Let’s add two more predictions in which we divide the 2014 batting averages into bins of length 0.005 and 0.001. The code below generates these predictions, saves them to columns called “yhat_3” and “yhat_4” in our tbl, and then adds the predictions to the plot in purple and orange.
batting_2014_2015 <-
batting_2014_2015 %>%
mutate(bins = cut(BA_2014, breaks = seq(from = 0.15, to = 0.4, by = 0.005))) %>%
group_by(bins) %>%
mutate(yhat_3 = mean(BA_2015)) %>%
ungroup() %>%
select(-bins)
batting_2014_2015 <-
batting_2014_2015 %>%
mutate(bins = cut(BA_2014, breaks = seq(from = 0.15, to = 0.4, by = 0.001))) %>%
group_by(bins) %>%
mutate(yhat_4 = mean(BA_2015)) %>%
ungroup() %>%
select(-bins)
ggplot(batting_2014_2015) +
geom_point(aes(x = BA_2014, y = BA_2015), shape = 16, size = 0.9) +
geom_point(aes(x = BA_2014, y = yhat_0), col = 'red', shape = 3, size = 0.75) +
geom_point(aes(x = BA_2014, y = yhat_1), col = 'green', shape = 15, size = 0.75) +
geom_point(aes(x = BA_2014, y = yhat_2), col = 'blue', shape = 17, size = 0.75) +
geom_point(aes(x = BA_2014, y = yhat_3), col = 'purple', shape = 8, size = 0.75) +
geom_point(aes(x = BA_2014, y = yhat_4), col = 'orange', shape = 10, size = 0.75)
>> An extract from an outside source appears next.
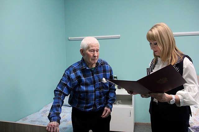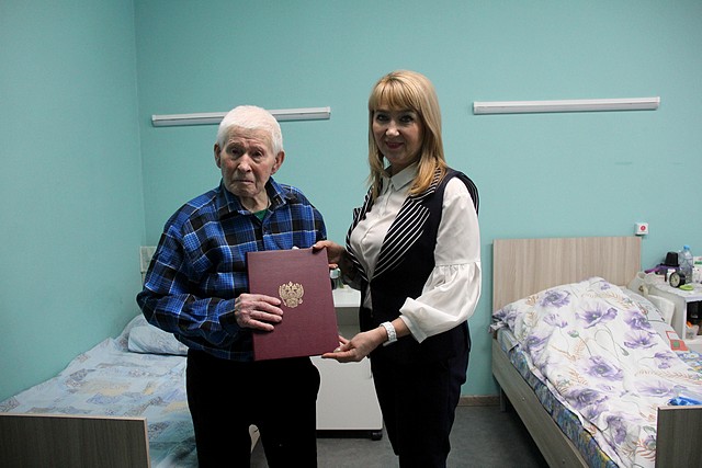 Кроме того, сегодня, 31 января, свое 95-летие отмечает труженик тыла, ветерана труда Шестопалов Виктор Федорович. Елена Семейкина прочитала ему поздравление с юбилеем от президента России и вручила подарок от администрации города.

We now have a couple of different ways of predicting BA_2015. Qualitatively, the predictions in purple (formed by binning BA_2014 into very small intervals) appear to fit the observed data better than the blue, green, and red predictions. To assess the predictions quantitatively, we often rely on the root mean square error or RMSE. This is the square root of the mean square error (MSE), which is computed by averaging the squared difference between the actual values and the predicted values.
summarize(batting_2014_2015,
rmse_0 = sqrt(mean((BA_2015 - yhat_0)^2)),
rmse_1 = sqrt(mean((BA_2015 - yhat_1)^2)),
rmse_2 = sqrt(mean((BA_2015 - yhat_2)^2)),
rmse_3 = sqrt(mean((BA_2015 - yhat_3)^2)),
rmse_4 = sqrt(mean((BA_2015 - yhat_4)^2)))
## # A tibble: 1 × 5
## rmse_0 rmse_1 rmse_2 rmse_3 rmse_4
## <dbl> <dbl> <dbl> <dbl> <dbl>
## 1 0.0257 0.0244 0.0226 0.0185 0.0113
We see that the the orange predictions have the lowest RMSE, followed by the purple, blue, green, and red predictions. This tells us that the predictions formed by binning into smaller intervals fit the data better than the predictions formed by binning into larger intervals, confirming what we could see visually.
Now, what if we continued this process, and formed bins that are infinitesimally small? Should we expect our predictions to be even better? However, think about the potential issues of doing so: most of the bins (an infinite number of them, in fact) would contain no data points. How could we remedy this issue? Perhaps, we could impose a constraint that our predictions must lie along a straight line, thus allowing the bins with data to help make predictions for the bins without data. You’ll have some time to think about this concept, and then in Lecture 6 we will introduce linear regression which addresses this exact issue.